Software

I develop and maintain a variety of bioinformatics software.

smfishHmrf (spatial transcriptomics) 2018

With the first generation seqFISH, we applied it on visual cortex specimen (125 genes).

Accompanying this data, we developed Hidden Markov Random Field (HMRF) to infer spatial domains from this data (bitbucket.org/qzhu/smfish-hmrf/).

Input of HMRF requires only cell coordinate matrix and cell-by-gene expression matrix.

We also have a Support Vector Machine (SVM) based learner to map cell types from a single cell RNAseq dataset onto seqFISH (of same tissue region).


Giotto (spatial transcriptomics) 2020

As spatial transcriptomics data get rapidly generated from recent imaging and sequencing-based technologies, a standardized analysis toolkit becomes much in need.

Giotto (spatialgiotto.com) is a set of tools (written in R, Python, Javascript) offering a variety of downstream spatial analyses and interactive visualizations, including spatial clustering, spatial gene detection, cell cell proximity analysis, and histology analysis.

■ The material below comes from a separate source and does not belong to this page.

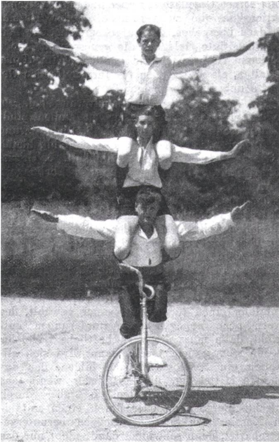
1 Drei Nachwuchssportler der Sektion Siggenthal zeigen ihr Können beim Geschicklichkeitsfahren auf einer Saalmaschine (Arbeiter-Radfahrer vom 10. Oktober 1930, 265).

It has been applied to Slide-seq, MERFISH, SeqFISH+, Spatial Transcriptomics, MIBI-TOF, OsmFISH, STARmap.



CUT&RUNTools (epigenomics) 2019

CUT&RUN is a chromatin profiling technology which uses protein-A MNase fusion protein, coupled with an antibody, to cleave around antibody-bound locations on the DNA.

It can be used to map transcription factor and histone binding sites.

This tool (bitbucket.org/qzhudfci/cutruntools) fascilitates data processing, and provides the reads trimming, cut tabulation, motif footprint steps important for the analysis, validation of CUT&RUN.



SEEK (Search based exploration of expression compendia) (big data) 2015

SEEK is a web-server (seek.princeton.edu) that performs coexpression data integration in real-time.

Users enter a query gene or gene-set. SEEK will weight thousands of gene expression datasets (5,000 datasets and 150,000 conditions) based on the query, and integrate these datasets to find robust coexpressed genes.

It visualizes the expression patterns of these genes side-by-side in datasets prioritized to the query genes.


SEEK has been extended to 5 model organisms including yeast, mouse, worm, fly, and zebrafish (seek.princeton.edu/modSeek/).